*Data excerpt*.
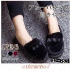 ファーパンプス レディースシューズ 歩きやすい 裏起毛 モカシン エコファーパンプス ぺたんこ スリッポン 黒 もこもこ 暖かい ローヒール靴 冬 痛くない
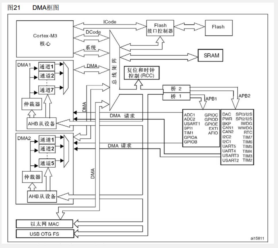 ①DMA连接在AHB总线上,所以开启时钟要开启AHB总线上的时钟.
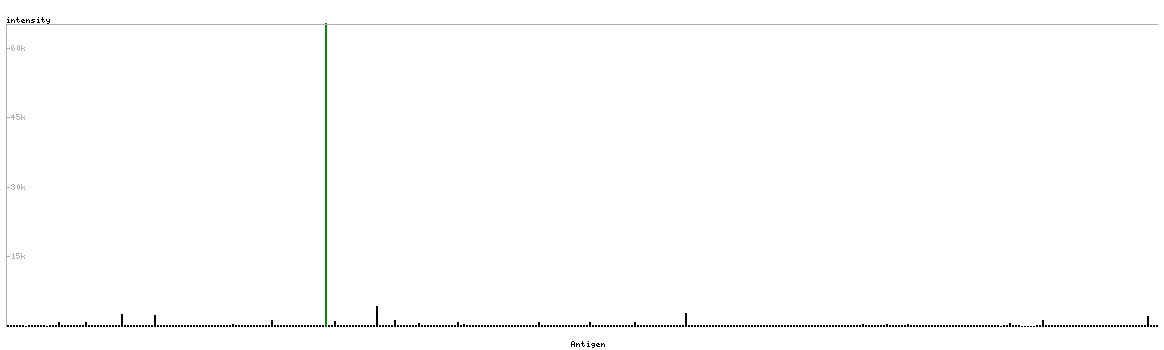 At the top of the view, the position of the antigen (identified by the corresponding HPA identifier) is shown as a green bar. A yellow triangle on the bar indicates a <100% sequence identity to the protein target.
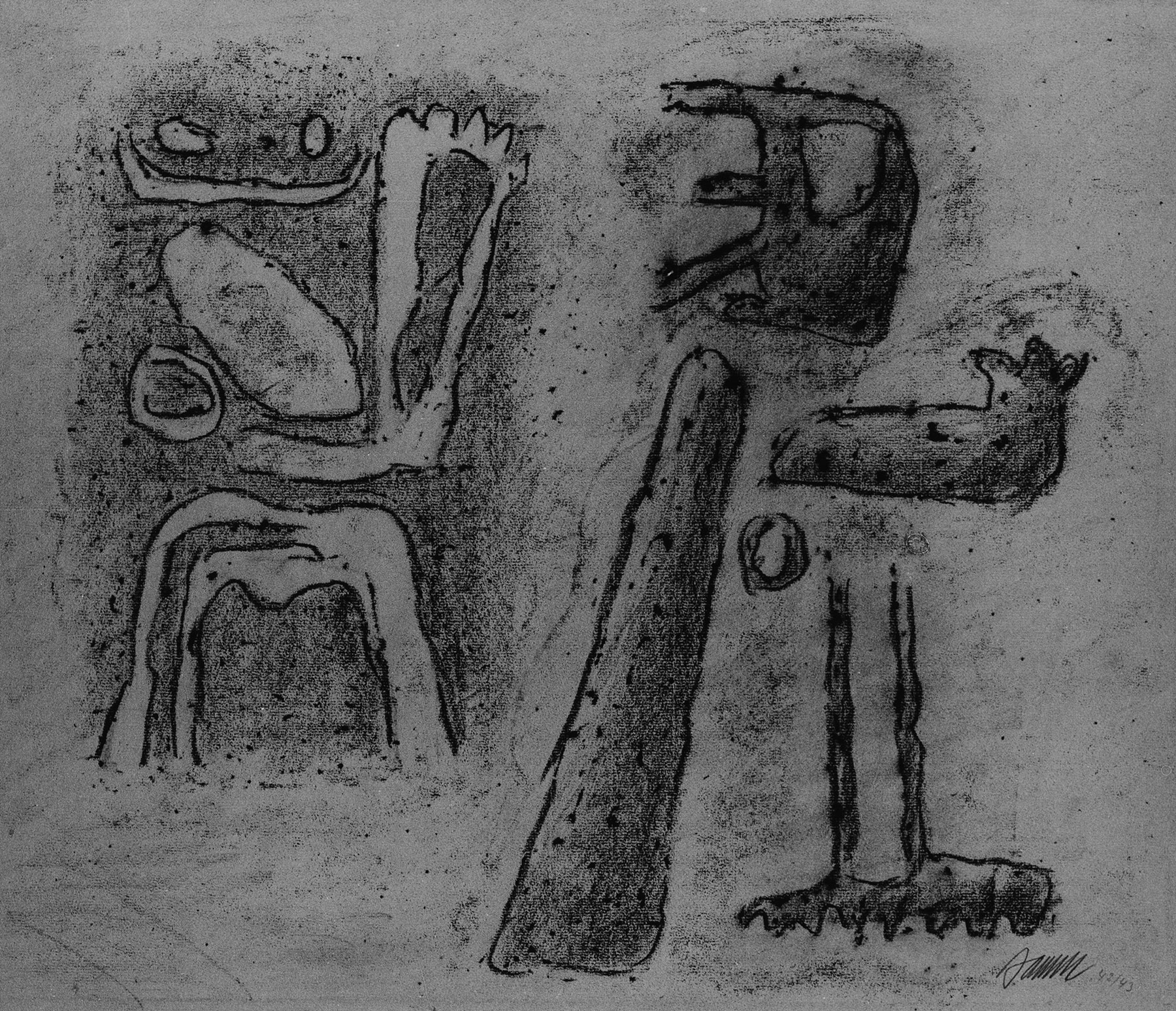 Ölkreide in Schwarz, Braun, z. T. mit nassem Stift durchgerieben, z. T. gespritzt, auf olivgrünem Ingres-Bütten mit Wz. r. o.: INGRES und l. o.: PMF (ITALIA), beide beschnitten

*Task requirements*. Starting with the first line of the material, print each line exactly until you have printed the line with "At the top of", and skip the pictures.

*Completed exercise*.
 ファーパンプス レディースシューズ 歩きやすい 裏起毛 モカシン エコファーパンプス ぺたんこ スリッポン 黒 もこもこ 暖かい ローヒール靴 冬 痛くない
 ①DMA连接在AHB总线上,所以开启时钟要开启AHB总线上的时钟.
 At the top of the view, the position of the antigen (identified by the corresponding HPA identifier) is shown as a green bar. A yellow triangle on the bar indicates a <100% sequence identity to the protein target.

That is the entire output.